▸ Data shown
· · · ·
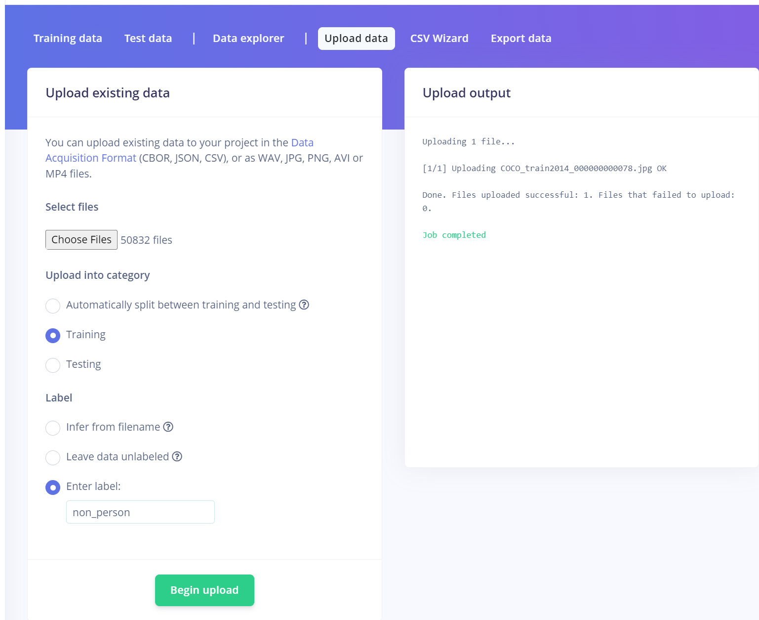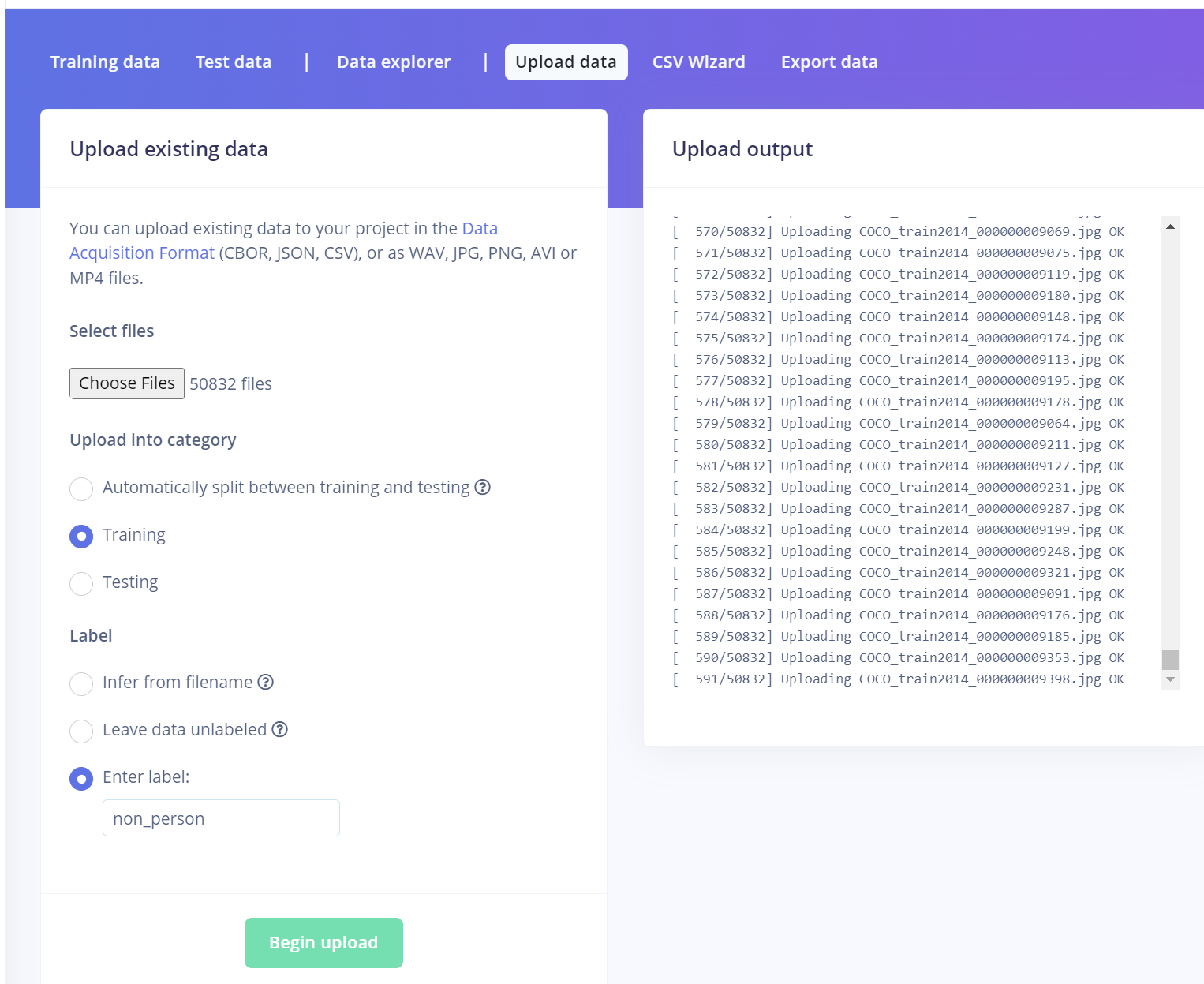 With the dataset downloaded we need to then upload them into our project in edge impulse. To do this, I used the data acquisition tab to upload all the training and testing data. Due to the large number of images, over 100,000 this may take a little time.
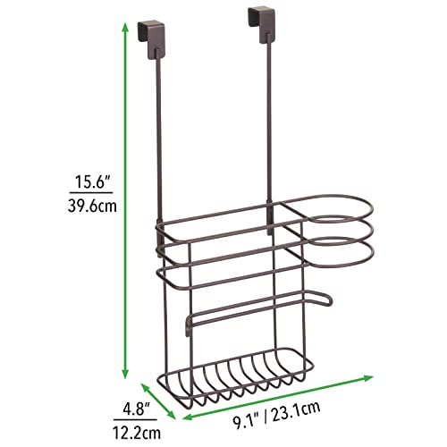 mDesign Soporte para secador - Cesta colgante, sin taladrar - Organizador para baño de productos de peluqueria – Elegante soporte para plancha, rizador o secador de pelo, en acero inoxidable
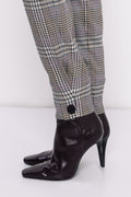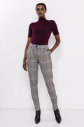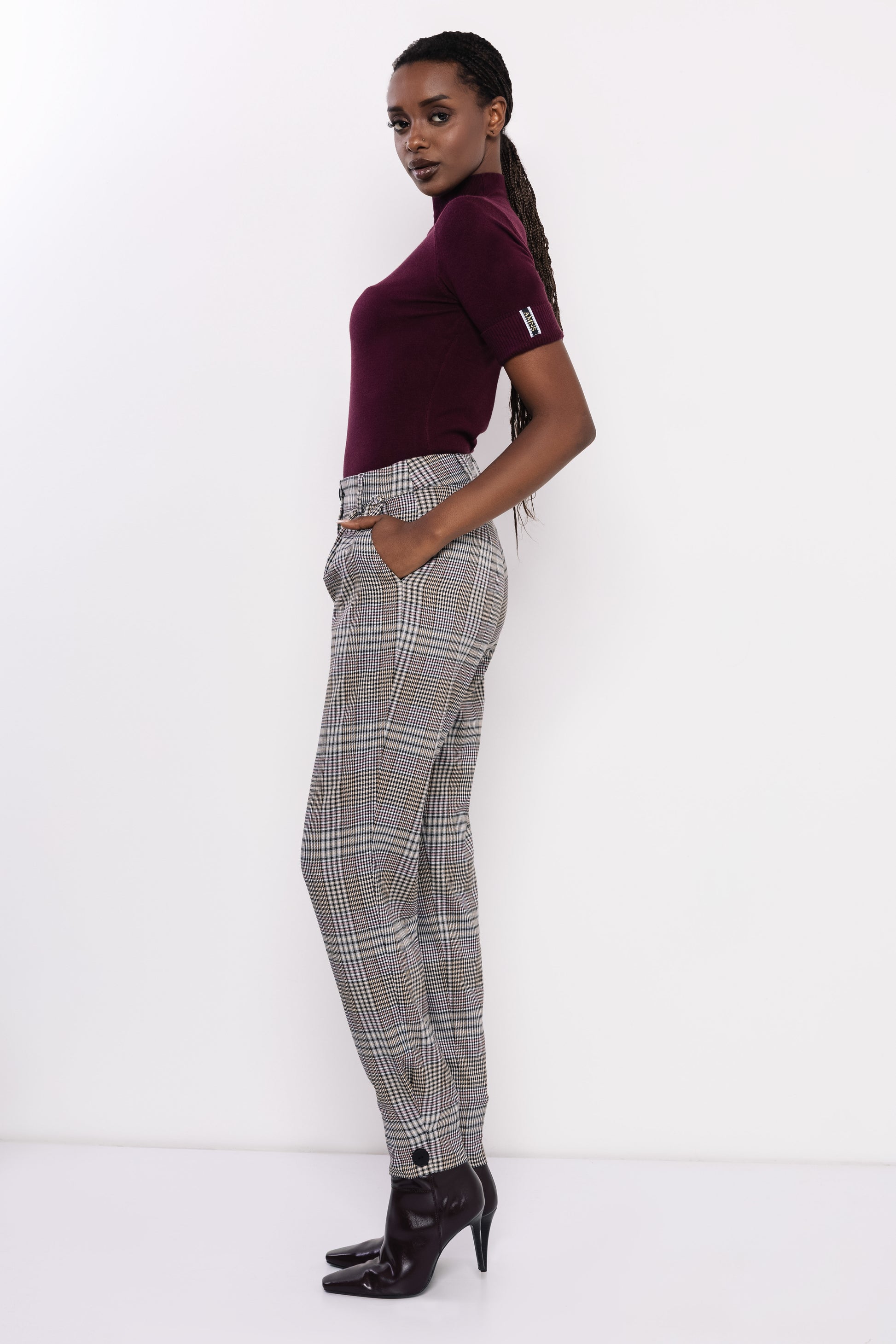 Az AMNESIA Jozefa nadrág a klasszikus kockás mintát modern, nőies szabással ötvözi. Magasított dereka és enyhén szűkülő szára optikailag nyújtja a lábat, miközben a finom hajtott részletek és az oldalzsebek kényelmes viseletet biztosítanak. Az elülső gombos záródás és a szárvégen elhelyezett díszgombok apró, mégis hangsúlyos részletekké válnak, amelyek eleganciát és karaktert adnak a nadrágnak. Minőségi szövet anyaga puha tapintású, mégis tartást adó, így tökéletes választás mind irodai, mind hétköznapi megjelenéshez. A klasszikus kockás minta időtlen stílust képvisel, amely remekül kombinálható garbókkal, blézerekkel vagy akár egy sportos dzsekivel is. Viseld az AMNESIA Lekon dzsekivel szettben, vagy párosítsd egyszínű felsőkkel, ha a nadrág mintáját szeretnéd kiemelni. Fedezd fel a részletekben rejlő eleganciát az amnesia.hu webshopon, és tedd a Jozefa nadrágot gardróbod új kedvencévé!
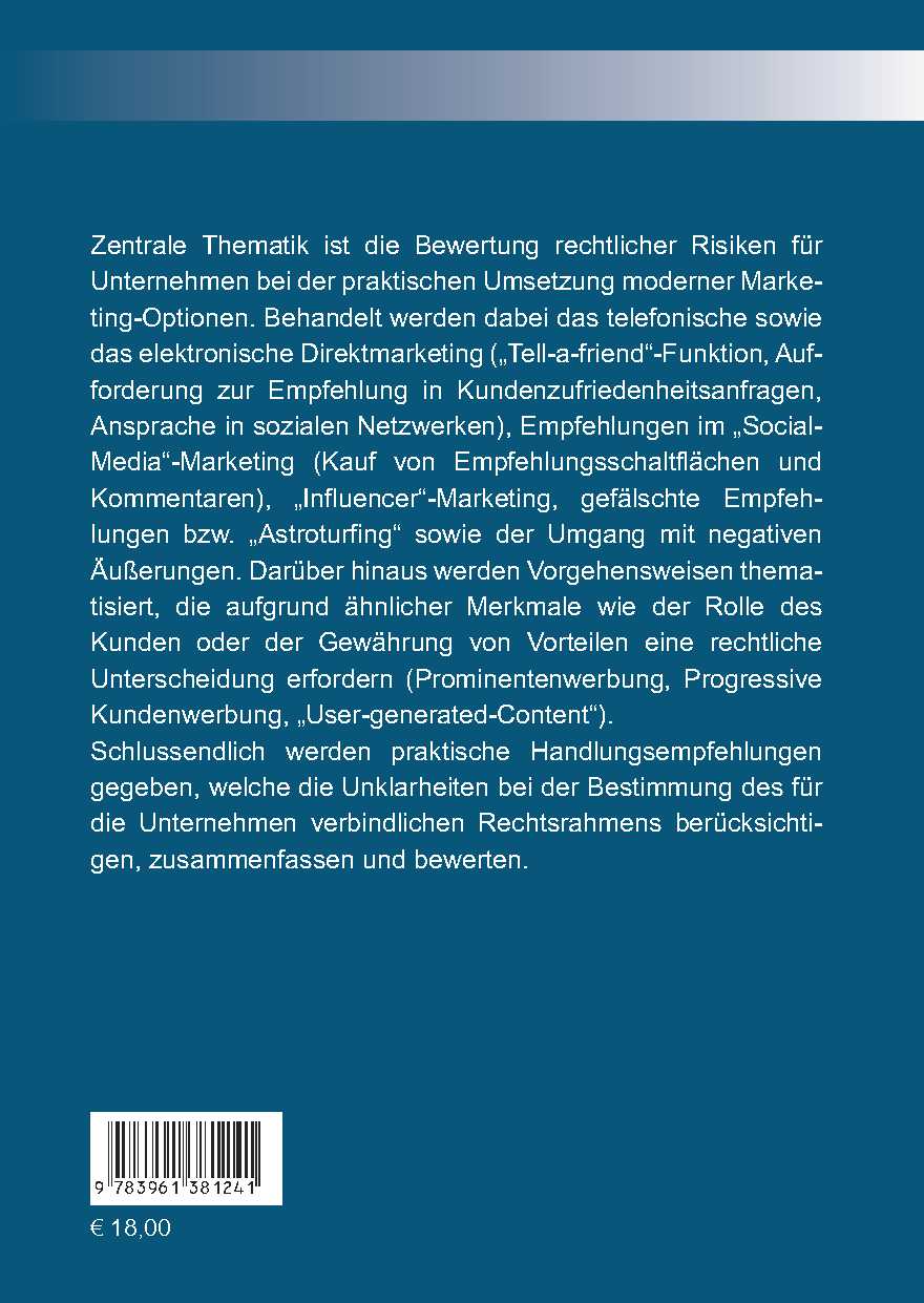 Zentrale Thematik ist die Bewertung rechtlicher Risiken für Unternehmen bei der praktischen Umsetzung moderner Marketing-Optionen. Behandelt werden dabei das telefonische sowie das elektronische Direktmarketing („Tell-a-friend“-Funktion, Aufforderung zur Empfehlung in Kundenzufriedenheitsanfragen, Ansprache in sozialen Netzwerken), Empfehlungen im „Social-Media“-Marketing (Kauf von Empfehlungsschaltflächen und Kommentaren), „Influencer“-Marketing, gefälschte Empfehlungen bzw. „Astroturfing“ sowie der Umgang mit negativen Äußerungen. Darüber hinaus werden Vorgehensweisen thematisiert, die aufgrund ähnlicher Merkmale wie der Rolle des Kunden oder der Gewährung von Vorteilen eine rechtliche Unterscheidung erfordern (Prominentenwerbung, Progressive Kundenwerbung, „User-generated-Content“).
· · · ·
▸ Task goal
Set down all of the data word for word; no pictures belong in it.

▸ Task output
 With the dataset downloaded we need to then upload them into our project in edge impulse. To do this, I used the data acquisition tab to upload all the training and testing data. Due to the large number of images, over 100,000 this may take a little time.
 mDesign Soporte para secador - Cesta colgante, sin taladrar - Organizador para baño de productos de peluqueria – Elegante soporte para plancha, rizador o secador de pelo, en acero inoxidable
 Az AMNESIA Jozefa nadrág a klasszikus kockás mintát modern, nőies szabással ötvözi. Magasított dereka és enyhén szűkülő szára optikailag nyújtja a lábat, miközben a finom hajtott részletek és az oldalzsebek kényelmes viseletet biztosítanak. Az elülső gombos záródás és a szárvégen elhelyezett díszgombok apró, mégis hangsúlyos részletekké válnak, amelyek eleganciát és karaktert adnak a nadrágnak. Minőségi szövet anyaga puha tapintású, mégis tartást adó, így tökéletes választás mind irodai, mind hétköznapi megjelenéshez. A klasszikus kockás minta időtlen stílust képvisel, amely remekül kombinálható garbókkal, blézerekkel vagy akár egy sportos dzsekivel is. Viseld az AMNESIA Lekon dzsekivel szettben, vagy párosítsd egyszínű felsőkkel, ha a nadrág mintáját szeretnéd kiemelni. Fedezd fel a részletekben rejlő eleganciát az amnesia.hu webshopon, és tedd a Jozefa nadrágot gardróbod új kedvencévé!
 Zentrale Thematik ist die Bewertung rechtlicher Risiken für Unternehmen bei der praktischen Umsetzung moderner Marketing-Optionen. Behandelt werden dabei das telefonische sowie das elektronische Direktmarketing („Tell-a-friend“-Funktion, Aufforderung zur Empfehlung in Kundenzufriedenheitsanfragen, Ansprache in sozialen Netzwerken), Empfehlungen im „Social-Media“-Marketing (Kauf von Empfehlungsschaltflächen und Kommentaren), „Influencer“-Marketing, gefälschte Empfehlungen bzw. „Astroturfing“ sowie der Umgang mit negativen Äußerungen. Darüber hinaus werden Vorgehensweisen thematisiert, die aufgrund ähnlicher Merkmale wie der Rolle des Kunden oder der Gewährung von Vorteilen eine rechtliche Unterscheidung erfordern (Prominentenwerbung, Progressive Kundenwerbung, „User-generated-Content“).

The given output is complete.